In the piece Some Titles for Which I Don’t Know What to Make, 2004 (Berlin) the gloomy scribbler appears again, here in the smashing colors and in the multiple layering that is Christensen’s trademark. Not every sentence in the piece is to be deciphered as they cross each other and intertwine. One sentence is more clear than the other in the oversize piece; “This is not the worst I’ve looked, it’s just the most I’ve ever cared.” In the “sequel” to this work, More Titles for Which I Don’t Know What to Make, 2004 (Oslo) the bright colors are left out, but the layers of overblown, intertwining sentences are still there, and so is the dark mood. The perfectionist approach, the glossy surface, the bright colors and the and the slickness, which functions as a uniting factor, construct the antithesis that seem to hold the reins of an underlying dystopia that threatens to pop up every now and then – and which might have a raw and forceful eruption in Painting Myself into a Corner. And what exactly happens after one has painted oneself into a corner? Well, in the same exhibition in Oslo where he did the third installment of the series, a looped video piece simply concluded “No input,” No Input, 2004.
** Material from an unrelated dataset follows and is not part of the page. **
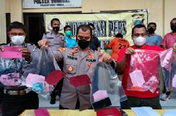 Medan Sunggal – jurnalpolisi.id 3/4/2021Team khusus anti bandit (Tekab) Polsek Sunggal dipimpin oleh Kanit Reskrim AKP Budiman Simanjuntak SE MH dan didampingi Panit Ipda Bambang Wahid pada Minggu (28/03) berhasil ungkap dan tangkap pelaku pembunuh korban seorang wanita Jamilah (46), yang terjadi pada hari Sabtu (27/03) di Jl. Pembangunan Desa Muliorejo Kec Sunggal DS. Keberhasilan pengungkapan kasus tersebut disampaikan oleh Kapolsek Sunggal Kompol Yasir Ahmadi SH SIK MH didampingi Kanit Reskrim AKP Budiman Simanjuntak SE MH pada saat pelaksanaan rilis di mako Polsek Sunggal Polrestabes Medan pada Sabtu (03/04) di mako Polsek Sunggal Polrestabes Medan. Dipaparkannya bahwa usai melakukan olah TKP, diketahui bahwa beberapa harta korban telah diambil oleh pelaku pembunuh korban. Saat itu, diupayakan untuk menghubungi suami korban melalui telepon selulernya namun tidak tersambung sedangkan keberadaannya tidak diketahui. Usai berkoordinasi dengan satuan atas, selanjutnya team yang dipimpin Kanit dan Panit atas perintah Kapolsek Sunggal malam itu juga langsung bergerak menuju Aceh karena diduga kuat, berdasarkan bukti-bukti awal yang cukup, pelaku berinisial MS (42) yang merupakan suami siri korban sudah melarikan diri ke Aceh. Berdasarkan informasi yang valid, akhirnya diketahui MS sedang berada di rumah orang tua angkatnya di Jln Pantai Ujung Blang kec. Banda Sakti kota Lhokseumawe Prov. NAD untuk bersembunyi menghindari kejaran petugas. Namun upaya MS menghindari kejaran petugas gagal karena pada hari Minggu (28/03) sekira pukul 08.00 wib, saat MS sedang tertidur, tempat persembunyiannya digerebek petugas dan langsung mengamankannya. Saat diinterogasi, MS tidak dapat berkelit lagi sehingga MS berikut barang bukti yang berhasil disita petugas berupa 1 (satu) unit SP. Motor Yamaha Vario BK 6864 AGF berikut BPKB dan STNK, 1 (satu) unit HP Merk Reldmi warna Biru, 1 (satu) Unit HP Merk Nokia Orange, KTP korban, uang tunai sebesar Rp 6.000.000,- (enam juta Rupiah) serta 1 ( satu) buah Dompet wanita Warna hijau diboyong ke komando. “Namun niat terduga pelaku untuk melarikan diri guna menghindari jeratan hukum, masih sangat besar yang mana saat dalam perjalanan menuju Mako Polsek Sunggal, MS berupaya melukai dan merebut senjata petugas, sehingga terpaksa kita lakukan tindakan tegas dan terukur dengan menembak kedua kakinya”, tambah Kapolsek. “Untuk motif, berdasarkan keterangan tersangka adalah karena korban dan tersangka bertengkar dikamar tidur hingga korban minta diceraikan oleh tersangka, hingga akhirnya tersangka mencekik leher korban, setelah dipastikan bahwa korban tidak bernyawa lagi, tersangka mengangkat tubuh korban dan memasukkan ke bak air sehingga menimbulkan kesan bahwa korban terpeleset dikamar mandi tersebut”, imbuhnya lagi. “Untuk mendalami perkaranya guna kepentingan proses penyidikan, tersangka kita tahan di RTP Polsek Sunggal dan kita persangkakan melanggar pasal 338 subs 365 ayat (3) KUHP tentang pembunuhan dan atau pencurian dengan kekerasan dengan ancaman hukuman 15 tahun penjara”, tutup Kapolsek mengakhiri. ( RIZKY ZULIANDA / Aspio jpn)

The spectacular layer-on-layer technique Christensen uses, combined with a unique execution, where time and space are not only expanded but extended and completely transformed, together with cunning wordplay and a splendid sense of strategy, are all fabulous traits in Christensen’s body of work. But it is the dichotomy between dystopia and cheerful glossiness, exactly like the one Christensen expressed when he and I chatted about the piece I Will Never Make It a long time ago, which is what makes Christensen’s work truly captivating.

Power Ekroth

Prologue: In 2003 Jan Christensen won the grand prize in the National Annual Autumn Exhibition (Høstutstillingen) in Oslo for I Will Never Make It (with an additional work done together with Øystein Aasan).